Work to restore Site of Special Scientific Interest (SSSI) locations at Bryn Euryn and Llangwstennin Common in Conwy County and at Bwrdd Arthur on Anglesey has started through the Nature Networks Fund - an initiative delivered in partnership by Welsh Government, National Lottery Heritage Fund and NRW to strengthen the resilience of Wales’ network of protected land and marine sites, supporting nature’s recovery while actively encouraging community engagement.
NRW delivered the work to re-instate late summer mowing and remove scrub including bramble, ivy and gorse and invasive species such as non-native Cotoneaster to protect biodiversity and support rare flowering plants and butterflies.
At Llangwstennin Common, NRW worked with Llandudno Town Council to open-up overgrown areas to ensure the site is accessible to the local community once again.
The removal of gorse will reduce uncontrolled fire risk and has improved public access to Bwrdd Arthur Iron Age Hillfort.
Charlotte Williams, NRW’s Environment Team Leader for Conwy, said:
“Limestone grassland is one of the rarest, most diverse and species-rich habitats we have in Wales.
“Grasslands like these are good carbon stores and when managed carefully, lock in carbon and boost biodiversity.

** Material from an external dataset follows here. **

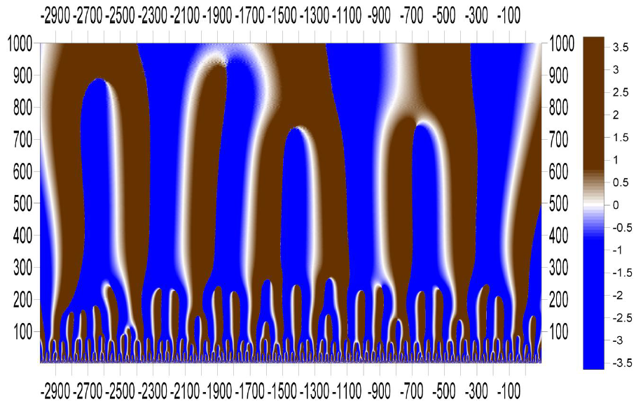 Рисунок 5. Изображение распределения фазы прогнозированной кривой ОКД(t) по масштабам вейвлета в интервале в радианах (по ординате) и времени от 3000 тыс. лет в прошлом до 100 тыс. лет в будущем (по абсциссе)

We have lost a significant amount of species-rich grassland in the UK, so managing these areas well is a priority.
“Across the sites a range of rare species can be found. These include butterflies such as Dingy Skipper, Brown Argus, Small Pearl-bordered Fritillary and plants including Spiked Speedwell, Common Rock Rose, Salad Burnet, Dropwort and Yellow-wort.

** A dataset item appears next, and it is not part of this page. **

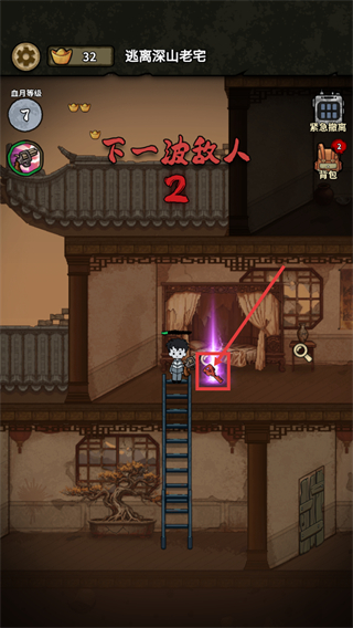 3、面对【下一波敌人-2】的提示,优先收集场景中的【钥匙】道具,提升通关所需的关键物品储备。

“Managing areas such as these is vital for the maintenance of biodiversity and helps us manage our natural resources sustainably.
“We are pleased to have been able to secure funding from the Welsh Government which has allowed us to protect and bring these important habitats back into favourable condition. We would also like to thank landowners for their support.
“This kind of partnership working is helping us tackle the climate and nature emergency by protecting and enhancing biodiversity.”
NRW has worked with landowners to allow the work to take place and ensure continued maintenance at the sites.
Due to logistical reasons these areas of grassland cannot be grazed, leaving regular mowing and clearing as the only management option.